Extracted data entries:
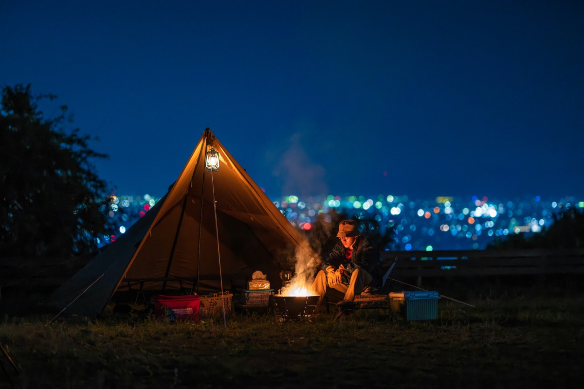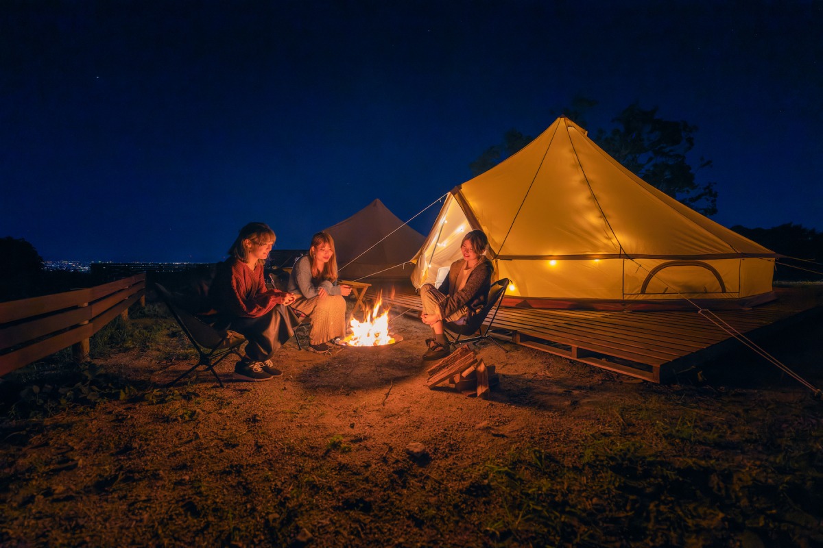 ひらけた眺望と夜景が見えるグランピング&キャンプ場
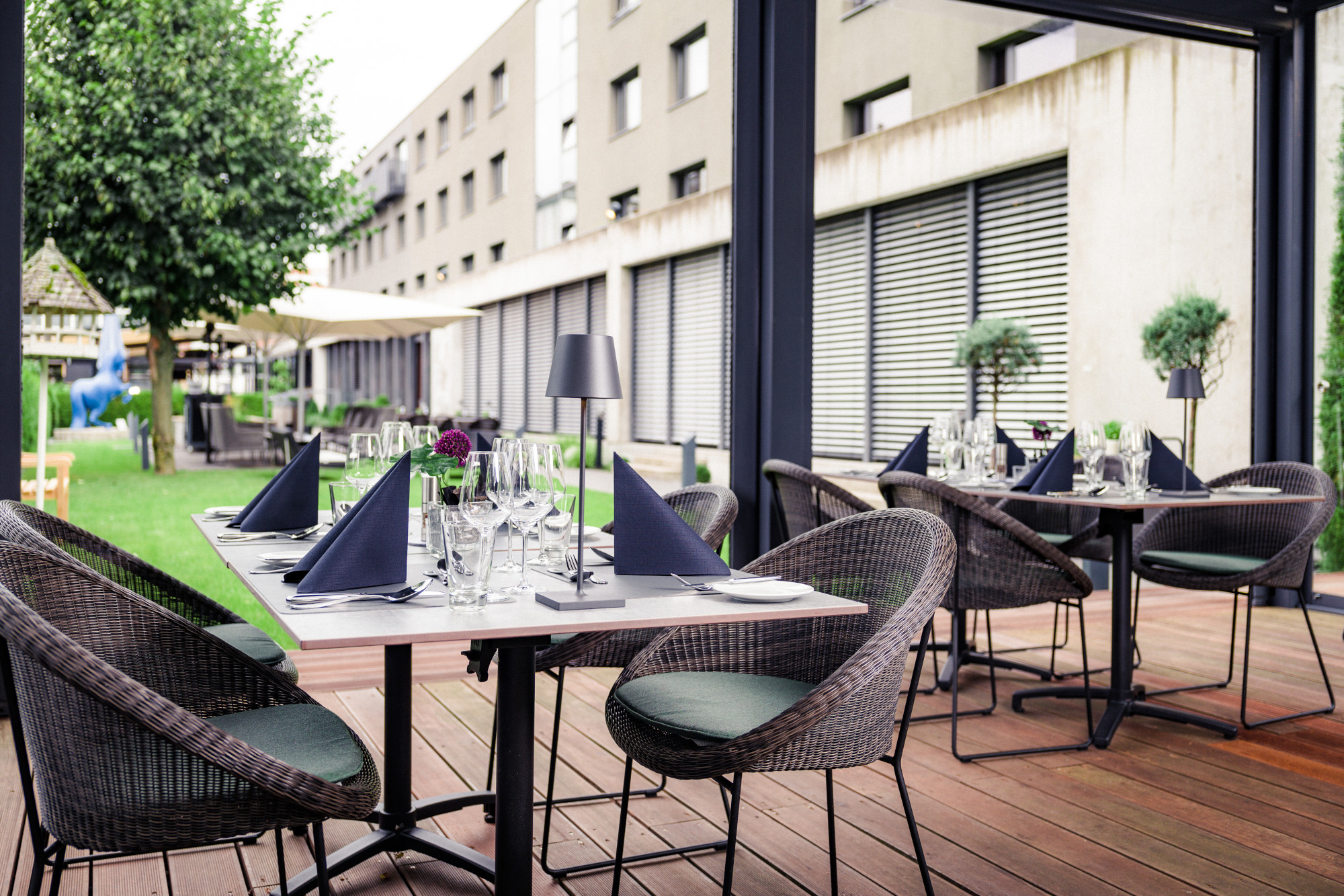 Wir erwarten euch mit leckeren Getränken in unserem Hotelgarten.
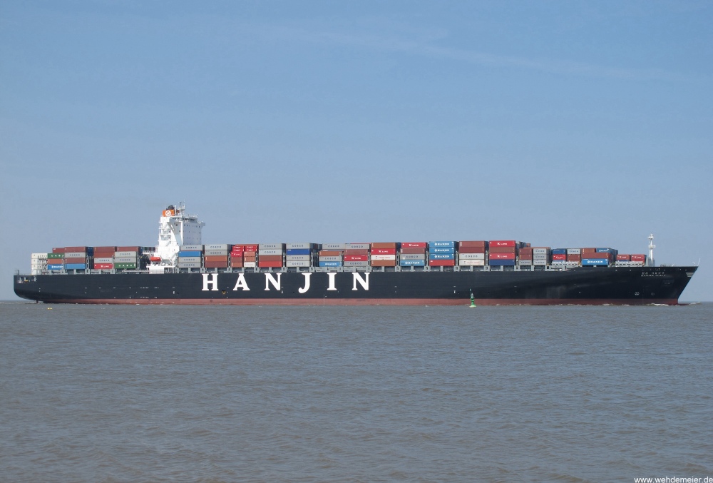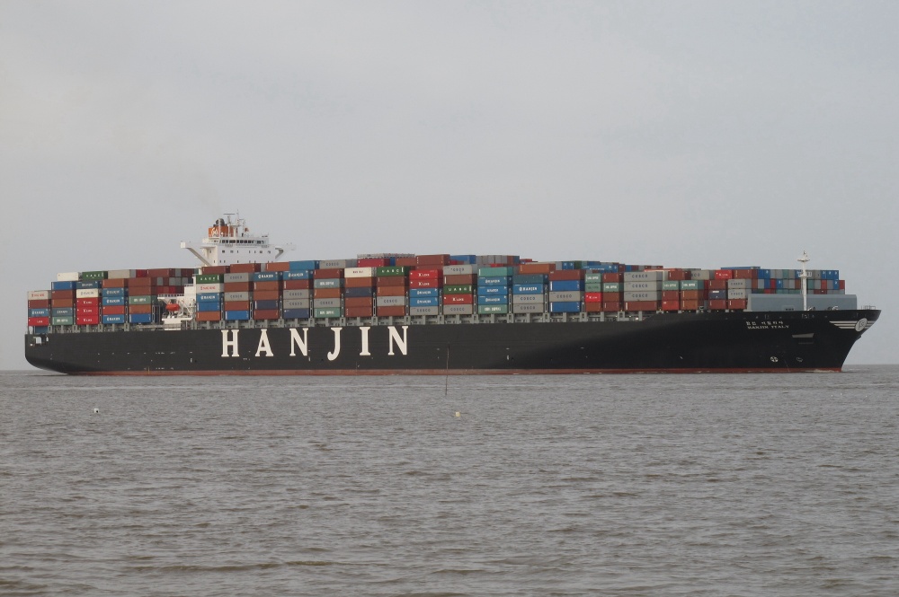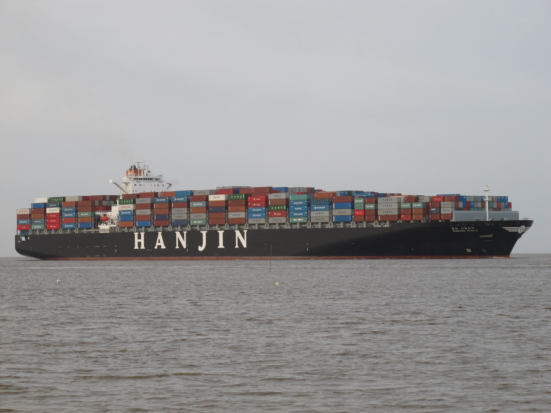 Containerschiff elbaufwärts in Höhe Glameyer Stack am 07.05.2011
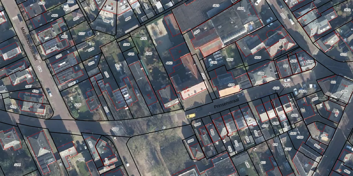 Het perceel waarop Prinsenstraat 24 staat heeft een oppervlakte van 965 m². Dit is een groot perceel. De perceeloppervlakte wordt geregistreerd door het Kadaster. Gedetailleerde informatie over de maten van dit perceel kunt u vinden in het rapport Kadastrale kaart met maatvoering van Prinsenstraat 24.
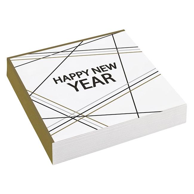 Die modernen Servietten "New Year Celebration" werden im 20er Pack geliefert. Bedruckt sind die dreilagigen, weißen Servietten mit einem dünnen goldenen Rand, sowie dünnen Streifen in Gold, Silber und Schwarz. In schlichten schwarzen Buchstaben prangt mittig der Satz „Happy New Year“. Der Rand der Servietten ist geprägt. Gefaltet haben die Servietten eine Größe von ca. 16,5 x 16,5 cm (entfaltet ca. 33 x 33 cm).
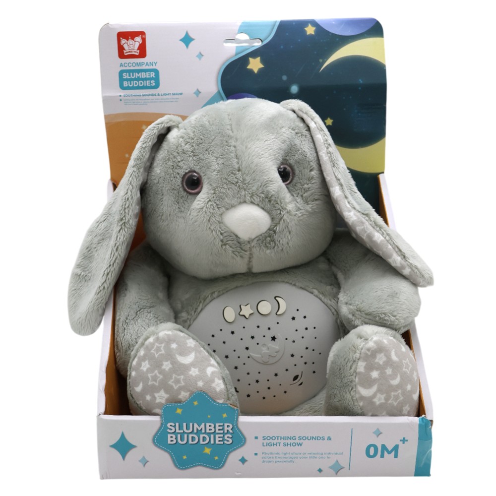 Një mik i butë dhe plot magji për fëmijët. Ky lepurush pellushi ka funksion ndriçues dhe tinguj të këndshëm, duke ofruar shoqëri, qetësi dhe argëtim. Me madhësi 34 cm dhe ngjyrë gri neutrale, është perfekt si dhuratë për çdo fëmijë.
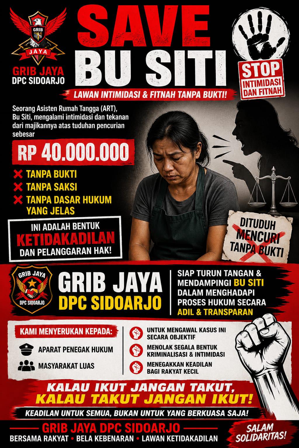 SIDOARJO, Holongpapua.com – Gerakan Rakyat Indonesia Bersatu (GRIB) Jaya DPC Kabupaten Sidoarjo secara resmi menyatakan sikap tegas untuk mengawal kasus dugaan intimidasi dan kriminalisasi yang menimpa seorang Asisten Rumah Tangga (ART) bernama Siti. Kasus ini mencuat ke publik setelah Siti dituduh mencuri uang senilai Rp40 juta oleh majikannya—sebuah tuduhan yang dinilai sepihak dan tidak didasarkan pada minimal dua alat bukti yang sah.
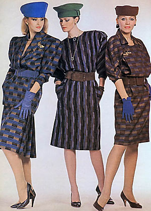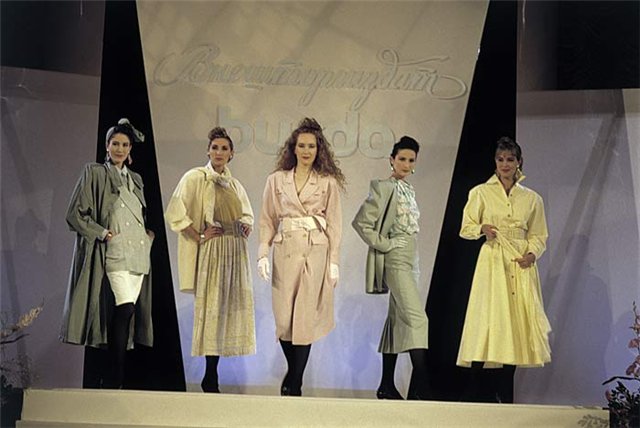 О, мода! Это вообще отдельная тема. А особенно в советское время, время тотального дефицита. Тогда большое значение придавалось тому, как ты одет. Потому что одежда была своего рода показателем достатка и возможности иметь блат. Это сейчас никого не удивишь, когда какой-н. миллионер разгуливает в кедах и простой футболке, причем не особо заморачиваясь брендами. Особенно вспоминаю свою юность, время перестройки. Тогда замечалась в одежде каждая мелочь, вплоть до того, сколько пуговок на манжете пришито, если больше обычного, то это уже казалось чуть ли не вызовом. Очень моден был яркий, даже кричащий макияж. Это чрезмерное количество румян на щеках, он тогда назывался "розовый шик", совершенно дикие расцветки теней от глубокого фиолетового до яркозеленого. При этом густая подводка для глаз и розовая помада. Лицо напоминала кукольную маску. Общую феерию красок завершала совершенно чумовая прическа - прошедшие через химию волосы начесанные в какой-то стог сена. И это считалось круто. Обязательно ажурные колготки черного цвета. Черная кожанная (чаще из кожзама) миниюбка и олимпийка от финского костюма. Все, можно идти на дискотеку! )))
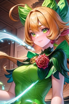 Seer, 1girl, green eyes, solo, ahoge, long hair, bow, smile, hair bow, jewelry, blonde hair, bracelet, flower, rose, green bow, bangs, closed mouth, short sleeves, red flower, dress, shorts, red rose, bangle, green dress, thick eyebrows, glowing, animal ears, looking_at_viewer,sitting,arms behind back,(upper_body:1.5),
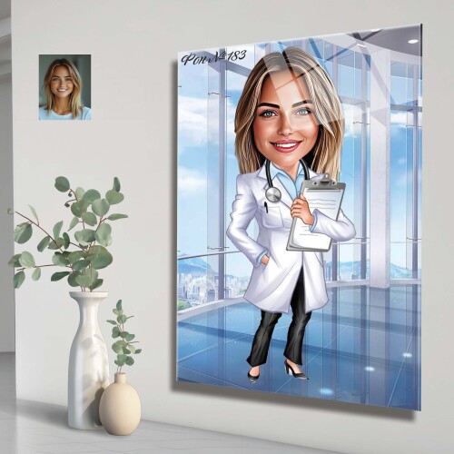 Стъклена карикатура на жена лекар
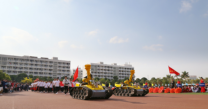 伴随着雄壮的运动员进行曲,鲜艳的国旗队引领着校旗队缓缓走过主席台,彩旗花束方阵紧随其后,将田径场装点得五彩缤纷。18个由各学院学生、裁判、教师组成的方阵踏着铿锵的节奏,迈着坚定的步伐,气宇轩昂、意气风发,依次走过主席台接受检阅。本届运动会各个方阵在入场秀上脑洞大开,用天马行空的创意展现班级魅力,为新中国成立七十周年献礼。形式多样、个性张扬、精彩纷呈:有在衣服上玩创意的;有在道具上拼新意的;有戴着卡通面具玩花样的;有团体表演活力十足舞蹈《燃烧我的卡路里》《野狼Disco》的;有挥舞红旗合唱《我的中国心》的。酷炫无人机、消防机器人、灵活手指舞、舞龙舞狮、复古前卫舞蹈等花式入场轮番上演、博足眼球,充分展示了各学院的特色和南洋师生奋发拼搏、积极向上的精神面貌。
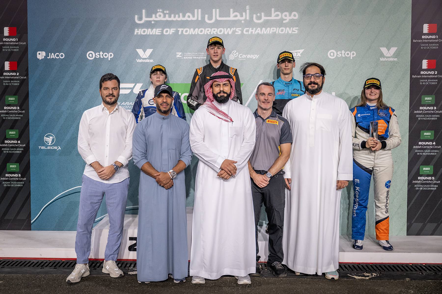 توج مساء السبت المهندس منصور المقبل، الرئيس التنفيذي المكلف للاتحاد السعودي للسيارات والدراجات النارية، والرئيس التنفيذي لشركة رياضة المحركات السعودية، البريطاني لويس ويريل، سائق فريق كاراجي، بجائزة المركز الأول في منافسات السباق الثاني والأخير للجولة الرابعة من بطولة أرامكو السعودية للفورمولا 4، والتي استضافتها حلبة كورنيش جدة.
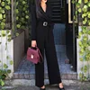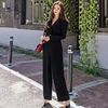 Office Lady Elegant Wide Leg Jumpsuits Women Autumn Solid Color Rompers Belted Waist Office Wear Playsuits Long Pants Overalls
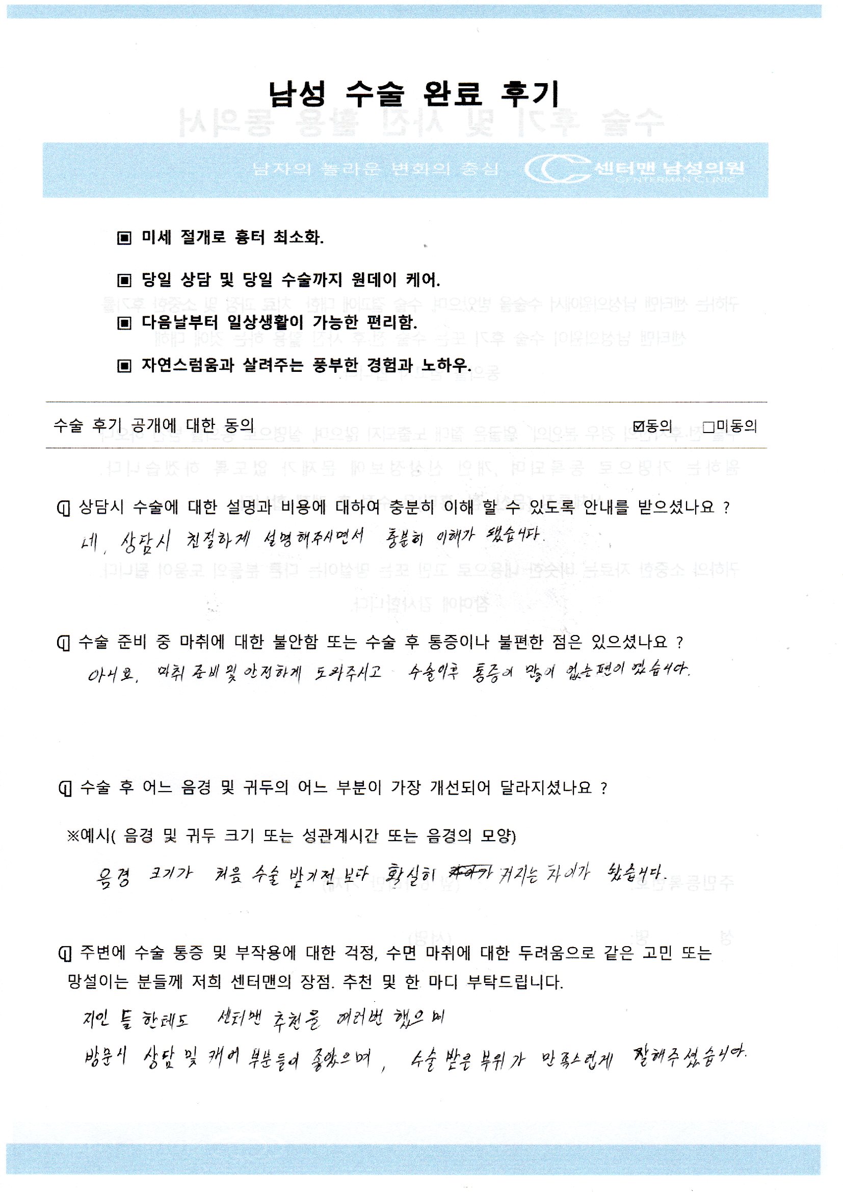 | 김**님 음경확대[자가지방]수술후 자필후기 | ||||||
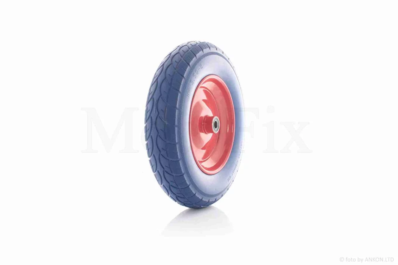 Відгуки Колесо для тачки у зборі 3.50-8 (поліуретанове, синє, червоний диск, підшипник 6202 Ø16), QT-034671
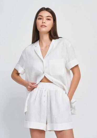 Шорты пижамные длиной до середины бедра. Пояс цельнокроенный с простроченной эластичной лентой. Высота пояса 5 см. В среднем шве передних половинок имитация гульфика с тремя пуговицами. В боковых швах карманы. По низу шорт подгибка 5 см с закрытым срезом. Обхват бедер от 86 см до 110 см Рост 164 см
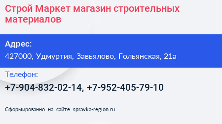 Строй Маркет, магазин строительных материалов по адресу 427000, Удмуртия, Завьялово, Гольянская, 21а в дальнейшем Организация, размещена в следующих категориях:
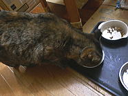 | 7時26分、チャーの朝ごはんタイムです。 |

ACTION ITEM:
The task calls for every line of the data to be returned exactly, without pictures.

ANSWER TO THE EXERCISE:
 ひらけた眺望と夜景が見えるグランピング&キャンプ場
 Wir erwarten euch mit leckeren Getränken in unserem Hotelgarten.
 Containerschiff elbaufwärts in Höhe Glameyer Stack am 07.05.2011
 Het perceel waarop Prinsenstraat 24 staat heeft een oppervlakte van 965 m². Dit is een groot perceel. De perceeloppervlakte wordt geregistreerd door het Kadaster. Gedetailleerde informatie over de maten van dit perceel kunt u vinden in het rapport Kadastrale kaart met maatvoering van Prinsenstraat 24.
 Die modernen Servietten "New Year Celebration" werden im 20er Pack geliefert. Bedruckt sind die dreilagigen, weißen Servietten mit einem dünnen goldenen Rand, sowie dünnen Streifen in Gold, Silber und Schwarz. In schlichten schwarzen Buchstaben prangt mittig der Satz „Happy New Year“. Der Rand der Servietten ist geprägt. Gefaltet haben die Servietten eine Größe von ca. 16,5 x 16,5 cm (entfaltet ca. 33 x 33 cm).
 Një mik i butë dhe plot magji për fëmijët. Ky lepurush pellushi ka funksion ndriçues dhe tinguj të këndshëm, duke ofruar shoqëri, qetësi dhe argëtim. Me madhësi 34 cm dhe ngjyrë gri neutrale, është perfekt si dhuratë për çdo fëmijë.
 SIDOARJO, Holongpapua.com – Gerakan Rakyat Indonesia Bersatu (GRIB) Jaya DPC Kabupaten Sidoarjo secara resmi menyatakan sikap tegas untuk mengawal kasus dugaan intimidasi dan kriminalisasi yang menimpa seorang Asisten Rumah Tangga (ART) bernama Siti. Kasus ini mencuat ke publik setelah Siti dituduh mencuri uang senilai Rp40 juta oleh majikannya—sebuah tuduhan yang dinilai sepihak dan tidak didasarkan pada minimal dua alat bukti yang sah.
 О, мода! Это вообще отдельная тема. А особенно в советское время, время тотального дефицита. Тогда большое значение придавалось тому, как ты одет. Потому что одежда была своего рода показателем достатка и возможности иметь блат. Это сейчас никого не удивишь, когда какой-н. миллионер разгуливает в кедах и простой футболке, причем не особо заморачиваясь брендами. Особенно вспоминаю свою юность, время перестройки. Тогда замечалась в одежде каждая мелочь, вплоть до того, сколько пуговок на манжете пришито, если больше обычного, то это уже казалось чуть ли не вызовом. Очень моден был яркий, даже кричащий макияж. Это чрезмерное количество румян на щеках, он тогда назывался "розовый шик", совершенно дикие расцветки теней от глубокого фиолетового до яркозеленого. При этом густая подводка для глаз и розовая помада. Лицо напоминала кукольную маску. Общую феерию красок завершала совершенно чумовая прическа - прошедшие через химию волосы начесанные в какой-то стог сена. И это считалось круто. Обязательно ажурные колготки черного цвета. Черная кожанная (чаще из кожзама) миниюбка и олимпийка от финского костюма. Все, можно идти на дискотеку! )))
 Seer, 1girl, green eyes, solo, ahoge, long hair, bow, smile, hair bow, jewelry, blonde hair, bracelet, flower, rose, green bow, bangs, closed mouth, short sleeves, red flower, dress, shorts, red rose, bangle, green dress, thick eyebrows, glowing, animal ears, looking_at_viewer,sitting,arms behind back,(upper_body:1.5),
 Стъклена карикатура на жена лекар
 伴随着雄壮的运动员进行曲,鲜艳的国旗队引领着校旗队缓缓走过主席台,彩旗花束方阵紧随其后,将田径场装点得五彩缤纷。18个由各学院学生、裁判、教师组成的方阵踏着铿锵的节奏,迈着坚定的步伐,气宇轩昂、意气风发,依次走过主席台接受检阅。本届运动会各个方阵在入场秀上脑洞大开,用天马行空的创意展现班级魅力,为新中国成立七十周年献礼。形式多样、个性张扬、精彩纷呈:有在衣服上玩创意的;有在道具上拼新意的;有戴着卡通面具玩花样的;有团体表演活力十足舞蹈《燃烧我的卡路里》《野狼Disco》的;有挥舞红旗合唱《我的中国心》的。酷炫无人机、消防机器人、灵活手指舞、舞龙舞狮、复古前卫舞蹈等花式入场轮番上演、博足眼球,充分展示了各学院的特色和南洋师生奋发拼搏、积极向上的精神面貌。
 توج مساء السبت المهندس منصور المقبل، الرئيس التنفيذي المكلف للاتحاد السعودي للسيارات والدراجات النارية، والرئيس التنفيذي لشركة رياضة المحركات السعودية، البريطاني لويس ويريل، سائق فريق كاراجي، بجائزة المركز الأول في منافسات السباق الثاني والأخير للجولة الرابعة من بطولة أرامكو السعودية للفورمولا 4، والتي استضافتها حلبة كورنيش جدة.
 Office Lady Elegant Wide Leg Jumpsuits Women Autumn Solid Color Rompers Belted Waist Office Wear Playsuits Long Pants Overalls
 | 김**님 음경확대[자가지방]수술후 자필후기 | ||||||
 Відгуки Колесо для тачки у зборі 3.50-8 (поліуретанове, синє, червоний диск, підшипник 6202 Ø16), QT-034671
 Шорты пижамные длиной до середины бедра. Пояс цельнокроенный с простроченной эластичной лентой. Высота пояса 5 см. В среднем шве передних половинок имитация гульфика с тремя пуговицами. В боковых швах карманы. По низу шорт подгибка 5 см с закрытым срезом. Обхват бедер от 86 см до 110 см Рост 164 см
 Строй Маркет, магазин строительных материалов по адресу 427000, Удмуртия, Завьялово, Гольянская, 21а в дальнейшем Организация, размещена в следующих категориях:
 | 7時26分、チャーの朝ごはんタイムです。 |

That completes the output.